UFLi Digital Archive

Template Example

Month: April 2019

Graduate Student Mixer

When: Friday, April 19, 2019

Where: U-FLi Center

Time: 5:30 – 7pm

Join the U-FLi Center and the Graduate School as we come together to celebrate the experiences of Undocumented, First-Generation, Low-income Graduate students. With this U-FLi Graduate Student Mixer we hope to provide a space for students to come together, mingle, and find community at Brown!

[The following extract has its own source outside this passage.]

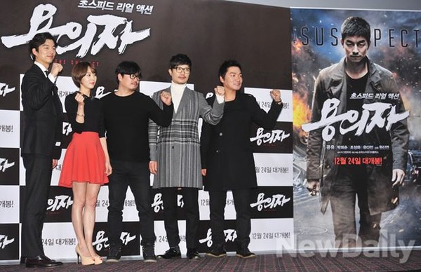 [포토]다함께 파이팅 외치는 용의자 감독과 배우들

Come to meet and connect with other undocumented, low-income, first-generation graduate students! We will provide refreshments and a relaxed environment to connect!

Please feel free to share/invite other U-FLi Graduate Students!

U-FLi Day of Visibility

When: Faunce Steps

Where: Wednesday, April 17, 2019

Time: 11am-2pm

In collaboration with FLIP National, First-Gens @ Brown and the U-FLi Center are participating in GEN Week 2019, an annual display of first-gen (and in Brown’s case, undocumented and/or low income) visibility on campus and across the country. Join us on April 17th and get your photo taken for our white board campaign to highlight what being U-FLi means to you or how you stand with the U-FLi community.

We’ll have some yummy Insomnia Cookies for you to munch on; hope to see you there!

U-FLiCon Remix: Reimagining the Myth We Tell About Ourselves

When: Saturday, April 13, 2019

Where: Brown Faculty Club

Time: 10:30am – 2:15pm

Join the U-FLi Center and the CareerLAB for this year’s U-FLiCON Remix!

For this special rendition of the CON, we’ve invited Paul Tran `14 to facilitate a workshop for student participants and provide a keynote address.

Additionally, alumni from a variety of industries will join us for a closing dessert reception and will be eager to share their experiences about how they navigated early careers as FLi graduates.

Come ready to listen, engage, and connect!

About the Workshop:
Participants in this generative writing workshop will read “Autobiography of Eve” by the poet Ansel Elkins. “I did not fall from grace,” Eve says. “I charged towards freedom.” We’ll write and share our own “Autobiography of…” poems, and in doing so, we’ll talk about the myths constructed about us and how, from the classroom to the workplace, we reinforce or subvert these myths.

About Paul Tran:
Paul Tran is the recipient of the Ruth Lily & Dorothy Sargent Rosenberg Fellowship from Poetry Magazine and the Discovery/Boston Review Poetry Prize. Their work appears in The New Yorker, Poetry Magazine, and Netflix movie Love Beats Rhymes, alongside Azealia Banks, Common, and Jill Scott. Paul is the first Asian American since 1993 to win the Nuyorican Poets Cafe Grand Slam, placing Top 10 at the Individual World Poetry Slam and Top 2 at the National Poetry Slam. They are Poetry Editor of The Offing Magazine and Chancellor’s Graduate Fellow in The Writing Program at Washington University in St. Louis.

Communities Not Cages: Dismantling the Immigration Detention Infrastructure in the U.S.

When: Wednesday, April 10, 2019

Where: U-FLi Center Room 520

Time: 5:30pm-7pm

For the last event of the year, we are inviting organizers from the Detention Watch Network, a national organization founded in 1997 to combat the explosive growth of the U.S. immigrant detention system. Today, the DWN is a large national network bringing together diverse constituencies in collective effort to advocate, educate, and organize around migrant humans and the policing they face today.

Read more about DWN’s campaign #CommunitiesNotCages by following this link: https://www.detentionwatchnetwork.org/take-action/communitiesnotcages

The Privileged Poor

When: Tuesday, April 2, 2019

Where: 85 Waterman St. Room 130

Time: 5:30pm

Through his research, Anthony Jack examines how class and culture shape how undergraduates navigate college by exploring the “experiential core of college life”. Here, he sheds new light on how inequality is reproduced by contrasting the experiences of the Privileged Poor and the Doubly Disadvantaged. The U-FLi Center is excited to invite Sociologist and Assistant Professor of Education at Harvard, Anthony Jack.